Сердце у меня трепетало от такого предсказания цыганки. Многое из того, что она говорила, оправдалось в жизни.

А что было дальше? Никакой провидец, даже самый гениальный, не мог предсказать, что будет в двадцатом веке на нашей планете. Что станет с Россией, как сложится жизнь в моей семье.

 

"Письмо с того света'

С каждым днем росла наша тревога о судьбе моих братьев на фронтах войны.

От двух братьев мы, хоть и редко, но все же получали письма с фронта. Один из них был ранен, лежал в госпитале и снова возвратился в свою часть.

А от старшего брата долго не было никаких вестей. Каждый день мы с нетерпением ожидали почтальона и ничего не получали.

 

- 60 -

Наконец прибыло от него письмо. В нем он писал: "Я, слава Богу, еще жив. Наши войска перестали гнить в окопах и перешли в наступление на австрияка. В одной атаке командир нашей роты был тяжело ранен и упал. Я бежал рядом с ним и крикнул: "Вперед, за Родину!"

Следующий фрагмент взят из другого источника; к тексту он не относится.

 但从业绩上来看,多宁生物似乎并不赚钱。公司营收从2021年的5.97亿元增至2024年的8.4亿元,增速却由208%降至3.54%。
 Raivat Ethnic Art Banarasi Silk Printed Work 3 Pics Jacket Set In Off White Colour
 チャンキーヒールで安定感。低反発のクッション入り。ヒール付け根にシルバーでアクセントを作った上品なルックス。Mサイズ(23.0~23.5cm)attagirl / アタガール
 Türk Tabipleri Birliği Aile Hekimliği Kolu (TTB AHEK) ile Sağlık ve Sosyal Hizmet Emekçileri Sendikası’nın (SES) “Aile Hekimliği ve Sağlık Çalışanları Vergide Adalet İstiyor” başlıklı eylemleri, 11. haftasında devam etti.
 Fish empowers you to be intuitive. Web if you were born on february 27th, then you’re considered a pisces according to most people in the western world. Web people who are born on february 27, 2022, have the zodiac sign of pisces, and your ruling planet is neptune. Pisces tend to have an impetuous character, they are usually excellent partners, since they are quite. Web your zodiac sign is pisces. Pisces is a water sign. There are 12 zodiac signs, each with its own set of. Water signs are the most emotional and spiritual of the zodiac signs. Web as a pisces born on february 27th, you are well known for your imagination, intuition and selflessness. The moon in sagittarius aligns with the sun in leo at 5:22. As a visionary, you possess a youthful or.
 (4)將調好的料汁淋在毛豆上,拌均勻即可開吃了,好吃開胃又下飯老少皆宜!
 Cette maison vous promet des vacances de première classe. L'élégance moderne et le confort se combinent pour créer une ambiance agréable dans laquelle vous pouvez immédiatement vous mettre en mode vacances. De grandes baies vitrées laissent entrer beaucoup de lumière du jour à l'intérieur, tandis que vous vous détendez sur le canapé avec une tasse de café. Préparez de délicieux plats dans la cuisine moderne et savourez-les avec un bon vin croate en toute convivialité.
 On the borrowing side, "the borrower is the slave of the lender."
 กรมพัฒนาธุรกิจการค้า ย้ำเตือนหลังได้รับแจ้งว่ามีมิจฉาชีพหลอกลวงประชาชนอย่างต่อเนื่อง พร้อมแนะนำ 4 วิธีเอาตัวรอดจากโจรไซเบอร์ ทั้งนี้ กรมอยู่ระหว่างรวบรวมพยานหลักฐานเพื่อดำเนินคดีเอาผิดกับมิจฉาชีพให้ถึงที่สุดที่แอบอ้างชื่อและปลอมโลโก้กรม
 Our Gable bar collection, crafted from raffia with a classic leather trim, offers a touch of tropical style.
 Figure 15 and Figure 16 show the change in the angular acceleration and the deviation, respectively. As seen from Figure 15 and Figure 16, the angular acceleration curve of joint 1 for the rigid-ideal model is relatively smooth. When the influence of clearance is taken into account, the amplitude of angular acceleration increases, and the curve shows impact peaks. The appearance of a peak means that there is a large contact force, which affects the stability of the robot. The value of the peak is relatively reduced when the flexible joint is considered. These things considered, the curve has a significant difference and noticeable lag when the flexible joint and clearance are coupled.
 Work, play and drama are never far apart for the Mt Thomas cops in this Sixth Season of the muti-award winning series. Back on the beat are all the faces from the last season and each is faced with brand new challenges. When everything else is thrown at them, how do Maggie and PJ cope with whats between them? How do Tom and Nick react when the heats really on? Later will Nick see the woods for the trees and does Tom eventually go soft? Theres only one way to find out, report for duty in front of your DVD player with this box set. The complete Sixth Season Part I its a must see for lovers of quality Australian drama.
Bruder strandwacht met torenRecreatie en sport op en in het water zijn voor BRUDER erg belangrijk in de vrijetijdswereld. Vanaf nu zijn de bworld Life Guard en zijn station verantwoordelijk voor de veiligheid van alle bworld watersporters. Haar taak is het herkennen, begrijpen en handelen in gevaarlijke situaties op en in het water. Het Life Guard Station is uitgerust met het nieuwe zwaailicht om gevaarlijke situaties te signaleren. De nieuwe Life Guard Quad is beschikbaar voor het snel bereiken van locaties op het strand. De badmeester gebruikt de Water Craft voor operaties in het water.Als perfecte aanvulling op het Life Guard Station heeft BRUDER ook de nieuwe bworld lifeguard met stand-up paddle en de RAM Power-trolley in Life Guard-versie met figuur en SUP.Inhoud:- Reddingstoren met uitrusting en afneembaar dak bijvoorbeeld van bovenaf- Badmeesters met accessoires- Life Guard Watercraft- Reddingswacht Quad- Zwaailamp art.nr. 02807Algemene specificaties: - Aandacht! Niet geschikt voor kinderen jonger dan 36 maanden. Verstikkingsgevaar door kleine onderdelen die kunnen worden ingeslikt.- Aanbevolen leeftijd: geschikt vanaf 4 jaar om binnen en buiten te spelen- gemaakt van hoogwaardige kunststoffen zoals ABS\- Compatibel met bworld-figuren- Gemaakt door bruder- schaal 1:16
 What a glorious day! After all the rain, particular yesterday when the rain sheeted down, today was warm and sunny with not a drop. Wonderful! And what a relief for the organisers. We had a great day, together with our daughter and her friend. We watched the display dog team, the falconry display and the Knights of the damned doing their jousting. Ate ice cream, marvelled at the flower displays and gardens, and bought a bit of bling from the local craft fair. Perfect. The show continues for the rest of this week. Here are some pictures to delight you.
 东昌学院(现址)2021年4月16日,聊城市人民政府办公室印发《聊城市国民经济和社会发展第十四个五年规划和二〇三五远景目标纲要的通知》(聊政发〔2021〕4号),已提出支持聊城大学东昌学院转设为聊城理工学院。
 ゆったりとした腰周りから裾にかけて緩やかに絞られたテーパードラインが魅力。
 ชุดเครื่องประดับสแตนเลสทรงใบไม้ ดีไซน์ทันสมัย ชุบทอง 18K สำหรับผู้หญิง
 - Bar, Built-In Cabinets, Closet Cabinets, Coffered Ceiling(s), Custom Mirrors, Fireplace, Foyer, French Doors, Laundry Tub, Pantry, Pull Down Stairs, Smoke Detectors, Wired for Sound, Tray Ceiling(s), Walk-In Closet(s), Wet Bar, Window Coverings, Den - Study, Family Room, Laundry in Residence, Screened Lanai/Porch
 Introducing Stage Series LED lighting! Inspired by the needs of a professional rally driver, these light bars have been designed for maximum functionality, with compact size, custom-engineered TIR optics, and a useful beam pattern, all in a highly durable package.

Наша рота первая захватила позиции врага. Я крикнул: "Хенде хох!", и австрияки сдались. Вот такое было происшествие. За это дело сам командир полка зачитал перед строем приказ о моем награждении и прикрепил мне Георгиевский крест.

Прошу вас, дорогие родители, напишите мне о вашем здоровье и о нашей дорогой Полечке, а также, что пишут с фронта мои братья. Как они живы.

Обнимаю вас всех и целую. Биньямин."

Это письмо было получено в то время, когда наши войска под командованием генерала Брусилова прорвали австро-венгерский фронт и перешли в наступление.

После этого письма опять наступил перерыв в переписке, и мы снова очень долго не имели никаких вестей от старшего брата.

Я послала запрос командиру полка по адресу полевой почты, но никакого ответа не получила. Прошло больше двух месяцев. Тяжкие мысли обуревали нас. Но так как извещения о том, что он убит, к нам не поступало, то искра надежды оставалась, и ею мы жили.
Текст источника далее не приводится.